For this reason, joining a cluster on the fly (by cluster-mounting a database) should be planned carefully in coordination with any shadow of the cluster.
In cluster shadowing, there is latency that affects the dejournaler. Journal files on the destination shadow side are not nec-essarily as up to date as what has been journaled on the source cluster. The shadow applies production journals asynchronously so as not to affect performance on the production server. This results in possible latency in data applied to the shadow.
Only one Caché cluster can be the target of a cluster shadow at any time, although there can be multiple shadows on one machine. There is no guarantee regarding the interactions between the multiple shadows, thus it is the user’s responsibility to ensure that they are mutually exclusive.
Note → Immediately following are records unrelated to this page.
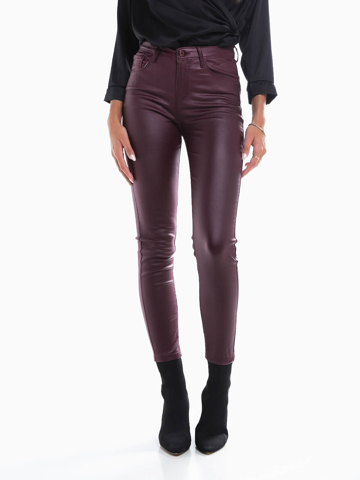 Calças bordeaux em pele sintética com efeito push-up para senhora. Calças skinny de cintura alta com interior cardado. 5 bolsos. Aperto de fecho éclair e botão.
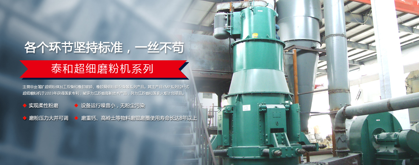 宜興市泰和機械有限公司是在國家高新技術開發(fā)區(qū)注冊的一家科技民營企業(yè)。主營非金屬礦超細粉體加工設備和橡膠破碎、橡膠精細粉碎設備等系列產品。其主產品YMP系列拉桿式超細磨粉機于2003年獲
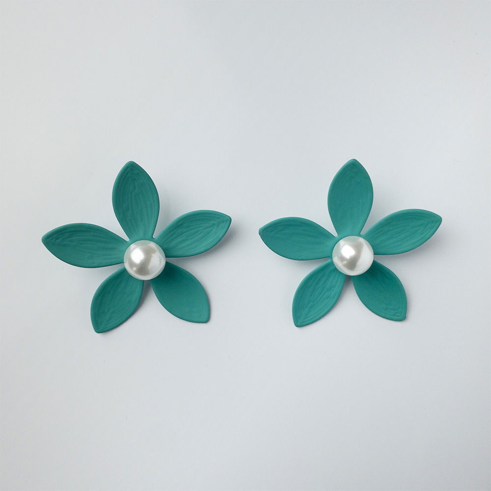 Shopika Cercei in forma de floare cu cinci petale si perla sintetica alba in mijloc, verde mat
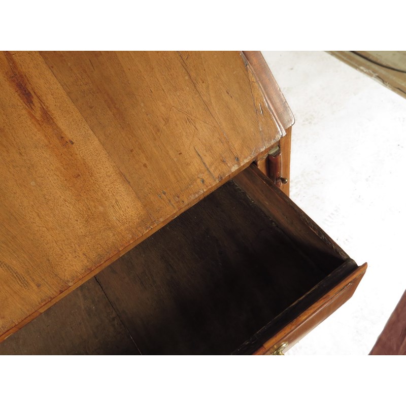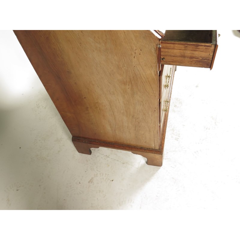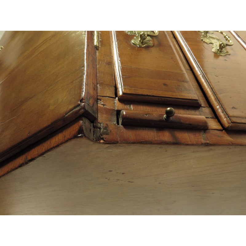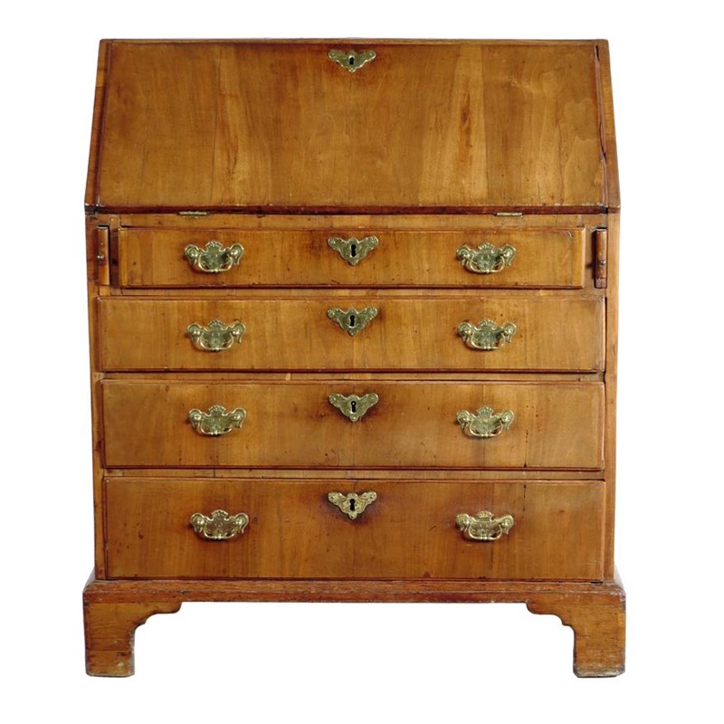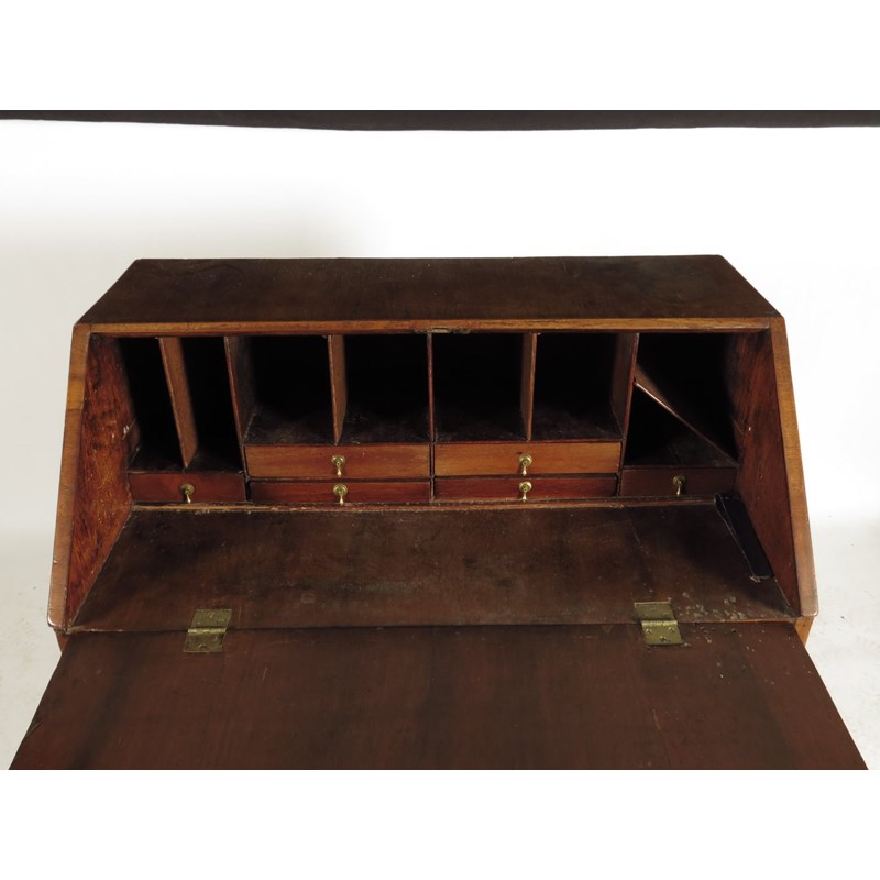 A George II walnut bureau, the interior fitted with pigeon holes and drawers above four long graduated drawers, 101.3cm high, 87.5cm wide, 49.8cm deep.
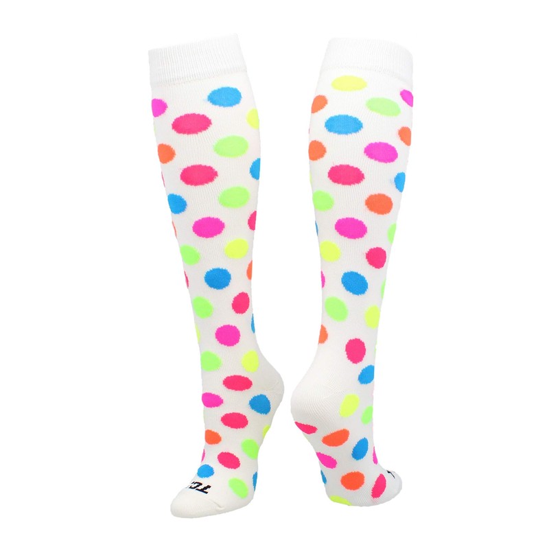 - FUN SPORTS SOCKS: Stand out on the field or court with these crazy neon polka-dot over the calf athletic socks. This style sock hits just below the knee making it a great choice for fashion, softball, volleyball, lacrosse, soccer, cheer, field hockey, fun runs and more!
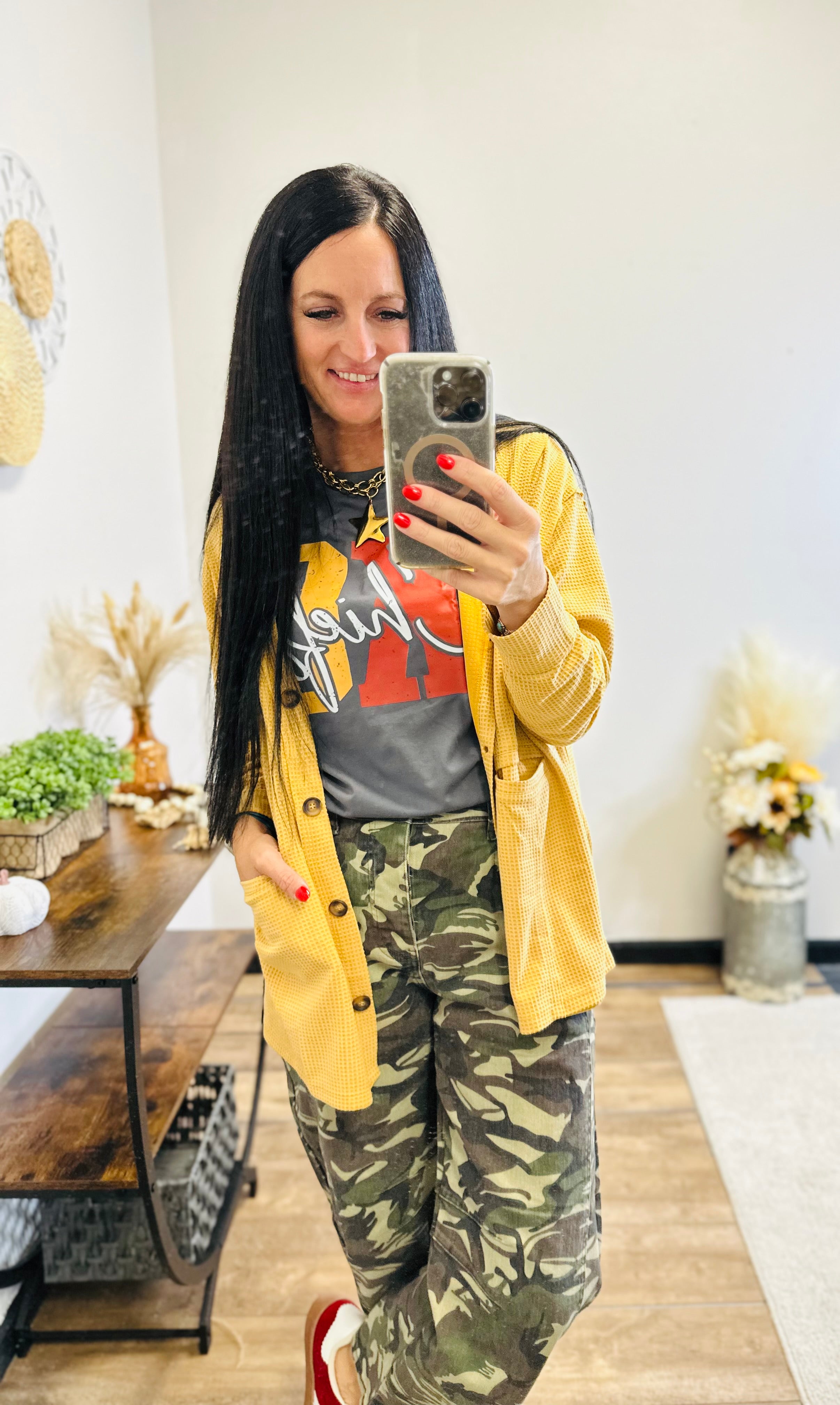 Layer up in effortless style with our Thermal Button Front Cardigan – Charm. Designed with transitional weather in mind, this cozy yet breathable cardigan is made from a soft two-tone thermal knit that feels as good as it looks. The button-front design adds versatility—wear it open over a tee or buttoned up for a polished, classic vibe. Subtle contrast details give it that little extra flair that makes it anything but basic.
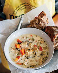 Add the wild rice to the saucepan and gradually stir in the stock and water. Bring to a boil, then simmer over moderately low heat, stirring occasionally, until the vegetables are tender, about 30 minutes. Add the chicken and simmer, stirring occasionally, until the wild rice is tender, 10 to 15 minutes longer. Stir in the cream and season with salt and pepper. Ladle the soup into bowls and serve.
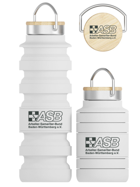 Die Silikon-Trinkflasche Flexi ist ein innovatives Modell und ein wahrer Blickfang. Sie ist so konzipiert, dass sie zusammengefaltet werden kann, um Platz zu sparen. Mit 2 vorgesehenen Druckbereichen für Ihr Logo auf Deckel und Körper, kombiniert diese Flasche Stil und Funktionalität in einem. Der Deckel (aus Bambus und Edelstahl) verfügt außerdem über eine praktische Trageschlaufe, um auch unterwegs ein praktischer Begleiter zu sein. Eine beliebte Wasserflasche für eine jahrelange Verwendung.
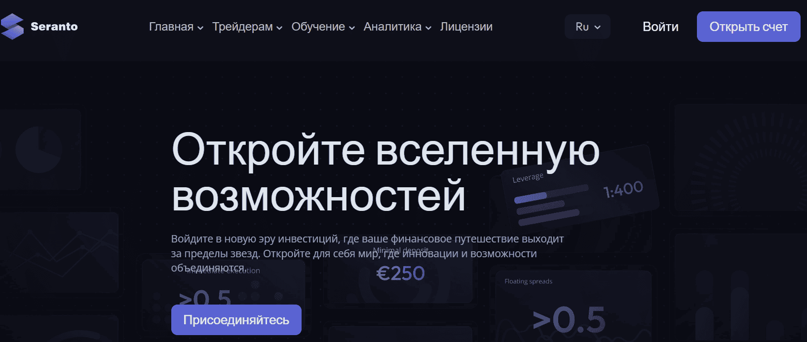 Компания Seranto обещает пользователям лёгкий доступ к мировым рынкам и современным инвестиционным решениям. На сайте размещены яркие лозунги: «Откройте вселенную возможностей», «Инновации и трейдинг без границ».
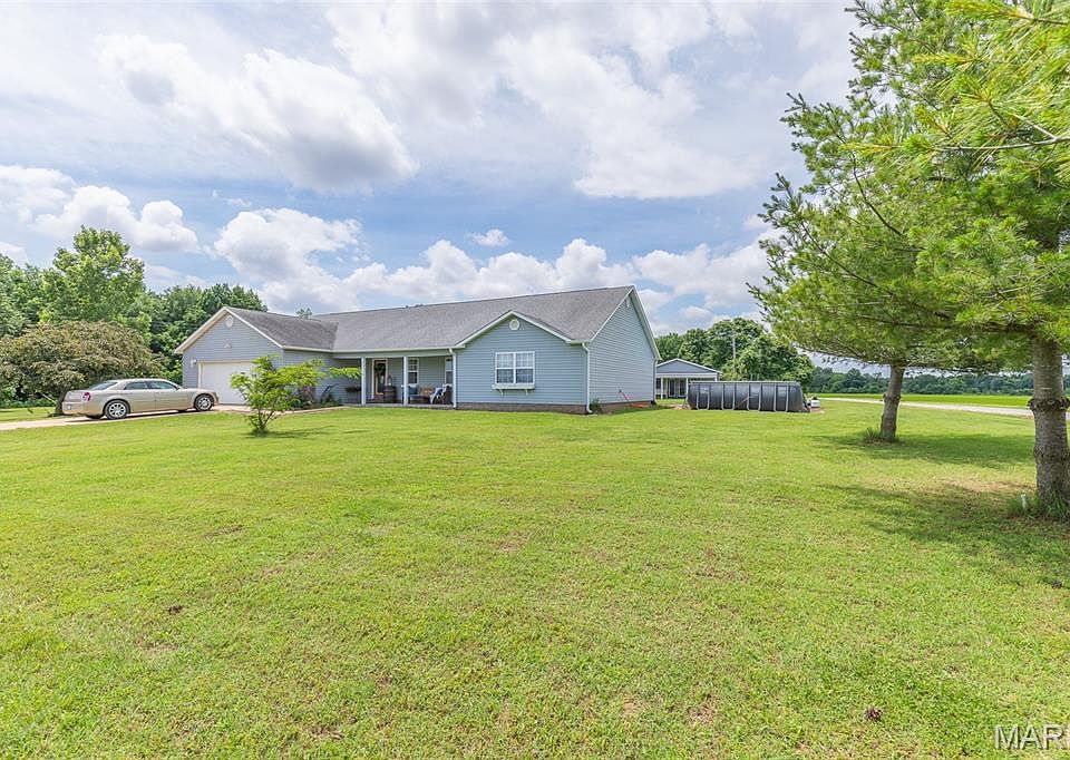 Beautiful 3-bedroom, 3-bath home situated on 19.5 +/- acres in Neeylville, MO. This property offers unmatched privacy with no neighbors in sight and a spacious, level yard. The home boasts large, airy rooms, including a formal dining room and a mudroom. The main level master suite ensures convenience and comfort, and a split bedroom floorplan. The kitchen comes fully equipped with all appliances. Outdoor features include a welcoming covered front porch and a generous covered patio at the back, perfect for entertaining. Enjoy the above-ground swimming pool, a large playset, and a versatile 24x24 building with water and electric, currently used as a salon but ideal as a guest house. Public utilities are connected allowing for possible additional homes on the property. This property offers a perfect blend of tranquility and modern amenities.

If you have a single instance with multiple shadows pointing at different clusters, it is your responsibility to ensure that the shadow datasets are mutually exclusive. For example, assume you have two clusters (A and B) shadowed on a single machine: cluster A has datasets X, Y, and Z; cluster B has datasets L, M, and N.
Since Caché does not guarantee that datasets X (cluster A) and L (cluster B) are mutually exclusive during the dejournaling process (that is, that one shadow is dejournaling dataset X while the other is dejournaling dataset L), it is your responsibility to ensure that the datasets do not overlap.
Note: Exclude Caché databases from RTVScan when using Symantec Antivirus software to avoid the condition of the cluster shadow hanging on Windows XP. See the Release Notes for Symantec AntiVirus Corporate Edition 8.1.1 for detailed information.